AgileDD’s approach leverages the complementary strengths of different NLP techniques:

  • LLMs: Excellent pattern recognition and broad coverage (high recall)
  • Traditional ML: Superior discrimination when trained on domain-specific examples (high precision)
  • Human expertise: Essential for ground truth validation and edge case handling

This hybrid architecture addresses the fundamental limitation of generative models while preserving their processing advantages. The result is a document intelligence system that combines the speed and flexibility of LLM-based extraction with the reliability and precision that enterprise applications require.

The Path Forward

The overconfidence problem in generative AI isn’t a bug to be fixed – it’s an architectural characteristic that requires thoughtful system design to address effectively. Understanding this limitation has profound implications for anyone building production document intelligence systems.

Organizations rushing to implement LLM-based extraction without accounting for confidence calibration issues will face significant challenges in production environments where precision matters. The temptation to rely solely on generative AI’s impressive pattern matching capabilities overlooks the critical need for validation mechanisms.

At AgileDD, we’ve learned that the future of document intelligence lies not in choosing between generative AI and traditional machine learning, but in architecting systems that harness both approaches strategically.

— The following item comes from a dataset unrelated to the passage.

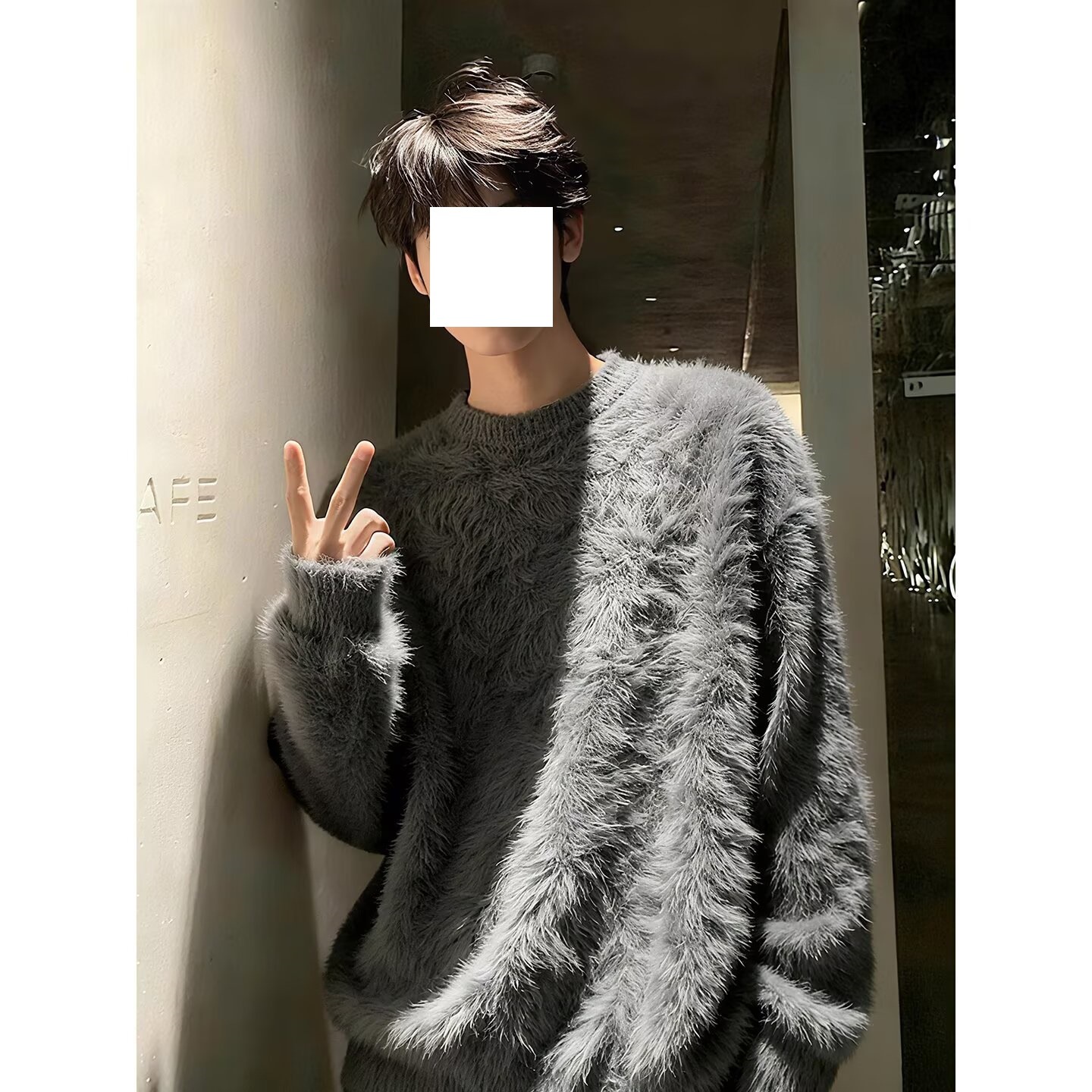马海毛茸茸软糯针织衫毛衣男款秋冬慵懒高级感白色内搭打底衫上衣

The human-in-the-loop isn’t just a safety net – it’s the feedback mechanism that transforms overconfident pattern matching into reliable, production-grade document intelligence.

As we continue refining this hybrid approach, we’re seeing increasingly sophisticated applications where LLM extraction feeds specialized ML models trained on domain-specific validation data. This evolution represents a maturation of AI-powered document processing from impressive demos to dependable enterprise solutions.

The next time you see an LLM confidently extracting information from your documents, remember: that confidence score tells you more about pattern matching than factual accuracy.

The real intelligence lies in knowing when and how to validate those confident assertions.